FARMINGDALE, N.Y. — On Sunday evening, Jazz Janewattananond, a Bethpage first-timer by way of Bangkok, was milling with his entourage near the entrance to the red-brick clubhouse at this sprawling state-run golf facility. The 23-year-old had just signed for a seven-over-par 77 on a breezy day on the lethal Black Course that bounced him from a tie for second after 54 holes to a forgettable T-14, a distant 10 strokes behind the victor, Brooks Koepka of Jupiter, Fla.

Regrets? Just one, Jazz said, and it wasn’t bogeying six of his last seven holes to fade from contention. The kid was bummed he hadn’t yet tried New York pizza.

“We’ll get pizza tonight!” cried one of his comrades.

Jazz grinned as if he’d just won the Wanamaker.

“Yes, we’ll get pizza tonight!” he said.

Jazz made a name for himself on Long Island this week, and not just because his actual name barely fit on the leaderboards. (It’s pronounced just as it looks, by the way: Jane-what-a-NAN-ond.) With a steady diet of hammered tee shots and clutch putting, the three-time Asian Tour winner who also moonlights on the European Tour coolly hung up rounds of 70-68-67 before his Sunday swoon. That, to steal an unfortunate bit of golf-commentator parlance, is seriously golfing your ball. On this course? In these conditions? From a guy who has played on only one other course stateside (Colonial Country Club, two years ago)? Fuggedaboutit.

Jazz Janewattananond on Sunday at the 2019 PGA Championship at Bethpage Black.
Jazz Janewattananond on Sunday at the 2019 PGA Championship at Bethpage Black.
Peter Casey/USA TODAY Sports

Jazz’s first welcome-to-the-bigs moment came on Monday, when he trudged through the rain and slop at Bethpage to play a practice round. How I am going to play this course, he thought. I’m not going to break 80. But the real stunner was he wasn’t alone. “There were people everywhere,” he said. “I’m like, ‘What’s going on?’ On the European tour and Asian tour, in practice rounds no one gives a crap, no one’s there. Here there’s thousands and thousands of people. Hit a good shot, they clap, hit a bad shot, they boo. I was like, ‘Ohhhh-kay.'”

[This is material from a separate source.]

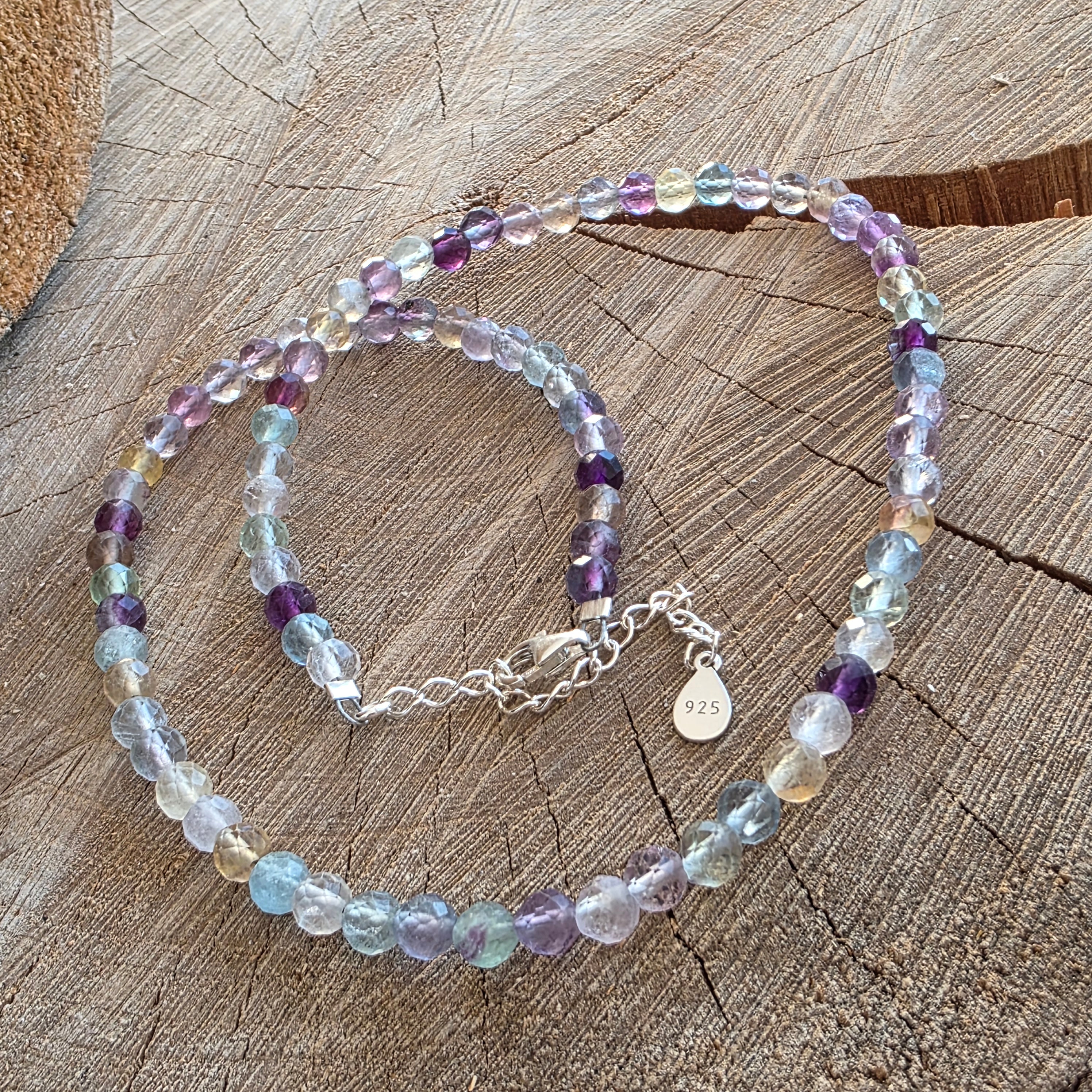 Un collier comme une fenêtre ouverte à la lumière - vivant, clair, ludique et profond à la fois. Les perles en fluorite de fluorite de 6 mm brillent dans des nuances qui dansent entre violet, vert, bleu et rose, comme un pont entre l'émotion et la raison, entre rêve et lucidité.

Jazz has had other big moments. At 14, he became the youngest player to make a cut on the Asian Tour; last summer he played in his first major, the British Open; and his fine play worldwide has propelled him to 69th in the world rankings, which is how he qualified for the PGA Championship. In 2016, he took a two-week sabbatical from golf to join the monkhood, at a temple in northern Thailand. “Before that, golf was everything to me, and it gave me so much pressure during competition,” he said after his retreat. “I have been competing with less pressure ever since and starting getting better results.”

That was the story of his week at Bethpage — well, at least until Sunday pressure on a fire-breathing setup finally overcame him. “What happened today is good to have it happen right now, because I’m only 23 playing my second major,” Jazz said. “If I finished too good, I could be lazy, I could be thinking I was a big shot. That humbled me. Now I know I need to work a lot harder.”

Jazz wasn’t the only Thai player to make the cut this week. So, too, did his uber-popular countryman Kiradech Aphibarnrat. The fun-loving, soft-around-the-edges Aphibarnrat is only six years older than Jazz but has logged seven wins internationally and played in 16 majors. He took Jazz under his wing this week, playing multiple practice rounds with him. What advice did Aphibarnrat impart?

“I can’t tell you,” Jazz said Sunday evening. “It’s a secret.”

He laughed.

“It was a lot things,” Jazz said after some prodding. “Eat a lot, play a lot of money games, and don’t take golf too seriously.”